A philosopher named Thomas Dylan Daniel, drawing on the work of Alasdair MacIntyre, explains why this is a deep problem, not just a technical glitch.[^13] MacIntyre argued that people who start from different basic assumptions literally cannot reach the same conclusion. Their starting points determine their destinations. The factory worker and the manager aren't just seeing different things — they're operating in different mental frameworks that can't be merged without throwing one of them away.[^14] The AI doesn't understand this. It averages.
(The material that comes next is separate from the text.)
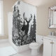 Das Hirsch kommt aus Kiefern und ist von Wildblumen umgeben, die sich durch eine einfache Wildtiergestaltung auszeichnen.
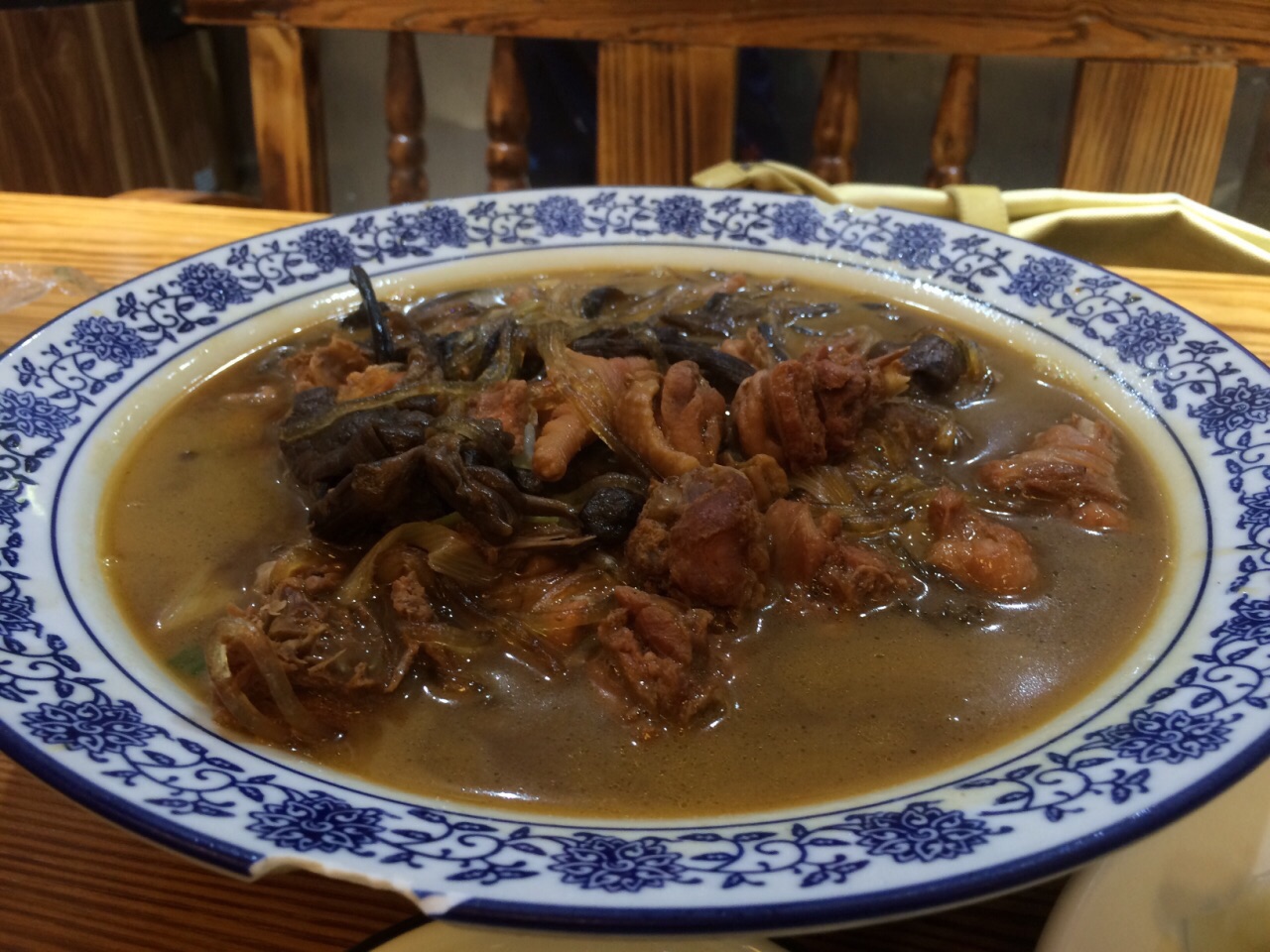 某人说还不错,带我来尝尝。 【韭菜猪肉水饺】:味道还行,就是馅剁的不够细,猪肉比例也不算高。 【小鸡炖蘑菇】:某人想吃,结果被自己噎到了。看着不是很有食欲,但是据说味道还行。 【椒盐小土豆】:味道不错,算是最好吃的一个菜,量很大,两个人吃吃不掉。 【东北溜肉段】:一直想吃的一个菜,发现还是锅包肉更好吃,溜肉段偏咸。 【西红柿鸡蛋打卤面】:据说卤打的不错,但是面条不好吃,不筋道吧。

And averaging across genuine differences is one of the worst things you can do in research.
The researchers at Stripe Partners made the point through a different angle: the most interesting research questions live in places where the patterns haven't been seen before.[^15] If you're studying something truly new — a community that uses technology in a way nobody expected, a user behavior that doesn't fit any existing category — the AI literally cannot help you understand it, because it only knows things that already exist in its training data. It's like asking Google Maps to show you a trail that hasn't been mapped yet.
The Camera Can't Photograph Itself
The Analogy: Blind Spots
Hold your hand out at arm's length and look at your thumb. Now close one eye. Your thumb blocks part of your view. You have a blind spot — a place you can't see. You know it's there, and you can move your head to see around it. But the blind spot itself is invisible while you're in it.
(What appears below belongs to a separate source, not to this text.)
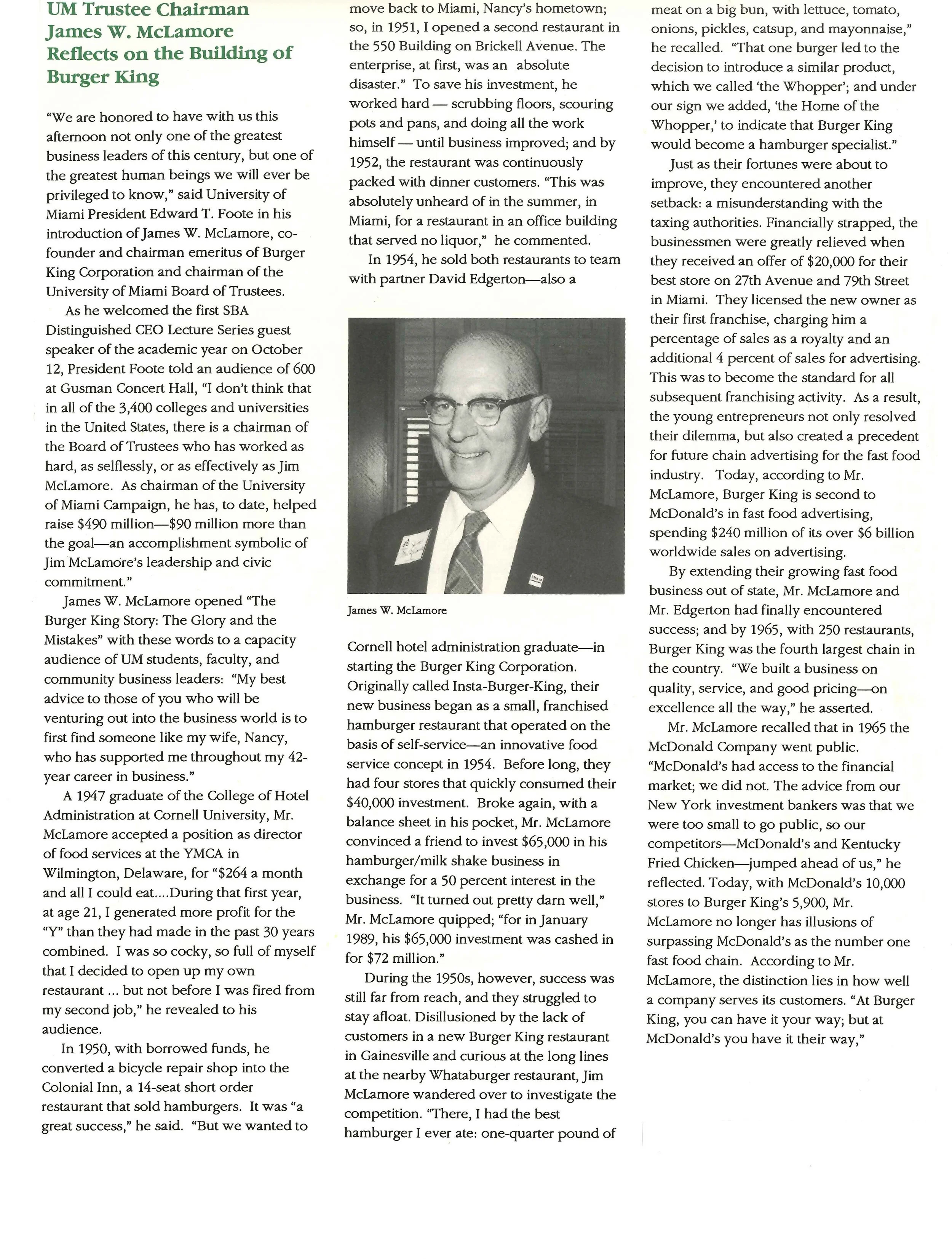 Reflections on Building Burger King In Memoriam Jan 29 Written By Tucker McCormack MiamiEducation Tucker McCormack

In 1931, a mathematician named Kurt Gödel proved something shocking: every system of math that's powerful enough to be useful has blind spots built into it.[^16] There are true statements that the system can't prove from within itself. This isn't because mathematicians aren't smart enough. It's a structural feature of the system — like how a camera can't photograph itself.
Thomas Dylan Daniel takes Gödel's insight and extends it beyond math.[^17] Daniel argues that language itself — the tool we use to think, argue, and make sense of the world — can never be as complex as the reality it describes.[^18] This isn't a complaint. It's actually the point. Daniel writes that "complete logical structures are universally flawed" — if your argument seems to explain everything with no blind spots, that's not a sign of a good argument. It's a sign of a dangerous one.[^19]
Think about it this way. Do you know someone who has an answer for everything? Who is never uncertain, never says "I don't know," never admits they might be wrong? That's suspicious, right? The smartest people you know probably say "I'm not sure" fairly often. Daniel's point is that this principle applies to arguments too: the ones that admit their blind spots are healthier than the ones that claim to have none.
What This Means for AI
An LLM's output always presents itself as complete. Ask it to analyze a set of interviews and it will produce a tidy set of themes that account for everything — no loose ends, no uncertainty, no "I don't know what to make of this." But Daniel has shown us that completeness is the mark of a flawed structure. The AI doesn't signal its blind spots because it can't perceive them.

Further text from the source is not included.